Did you know that there is an official, state-designated area downtown called the Abilene Cultural District?
Or that Abilene received one of the first five cultural district designations in the state in 2010 alongside Dallas, Fort Worth and Houston?
To draw more attention to the cultural district and to highlight its boundaries, the Cultural Affairs Council applied for a cultural district grant from the Texas Commission on the Arts to add limestone pillars at the district’s four corners. Abilene received a $129,654 matching grant for the “Be Our Guest” project, and the results were unveiled Oct. 22 at a public celebration called “A Night with the Guardians” sponsored by H-E-B.
The four limestone pillars are located at N. 5th and Orange streets, N. 1st and Hickory streets, Pine and N. 7th streets, and across the street from Frontier Texas! at N. 1st. Each 18-foot pillar has the words “Cultural District” spelled down the side. They are lit at night.
Next to the pillar across from Frontier Texas! is an 8-foot, hand-carved stone relief of William Joyce’s Sanderson Mansnoozie from his “Guardians of Childhood” book series with outstretched arms welcoming people along with a Storybook Capital of America® sign. The Sandman stone relief was hand carved by Steve Neves, the Hardin-Simmons University professor and artist who has created many of the storybook sculptures downtown.
“The benefit of creating a sense of place is to reinforce a sense of ownership and pride in our beautiful downtown, which is experiencing a renaissance, and to provide a cultural destination for tourists,” said Lynn Barnett, executive director of the Cultural Affairs Council, which is an Abilene Chamber of Commerce affiliate.

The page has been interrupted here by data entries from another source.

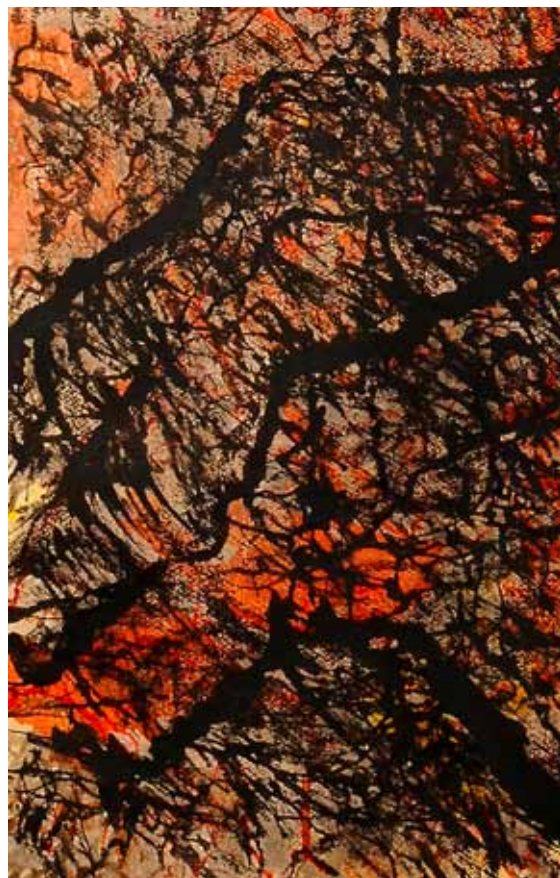
Összetartozók 2011. csiszolt tus | 1,2x0,8 m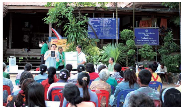
商品の説明会の様子/タイ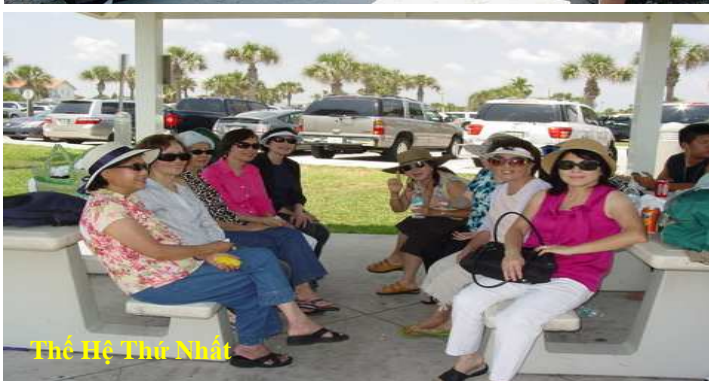
Thế Hệ Thứ Nhất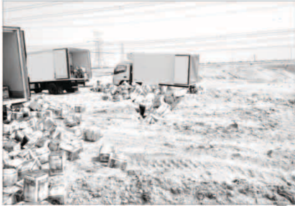
البلدية تتخلص من أطنان الأجبان الفاسدة

من جانبها دعت إدارة العلاقات العامة بالبلدية المواطنين والمقيمين إلى الإتصال على خط البلدية الساخن 139 وذلك في حال وجود أي شكوى تقع ضمن اختصاصات بلدية الكويت سواء في مجالات الأغذية، النظافة العامة، الباعة المتجولين، مشيرة إلى انه سيتم التعامل معها وفقاً للوائح وانظمة البلدية وذلك باتقصى سرعة ممكنة.

The council raised a portion of the funds for the $330,000 project during Abilene Gives through its 501c3 arm, the Abilene Arts Alliance.
The Cultural Affairs Council has successfully applied for and matched other cultural district grants from the TCA that have helped build downtown into a tourism hotspot, including matching funds for the Adamson-Spalding Storybook Garden.
TXP Inc., an economic analysis and public policy consulting firm, prepared an Economic Impact Study of Cultural District Funding and confirmed that the TCA’s past investments in infrastructure has been critical to the success of the downtown Abilene Cultural District, which includes museums, performance venues, restaurants, retail and offices. The implementation of “Be Our Guest” will benefit all venues and businesses within the district and fuel the explosive economic and tourism growth, Barnett said.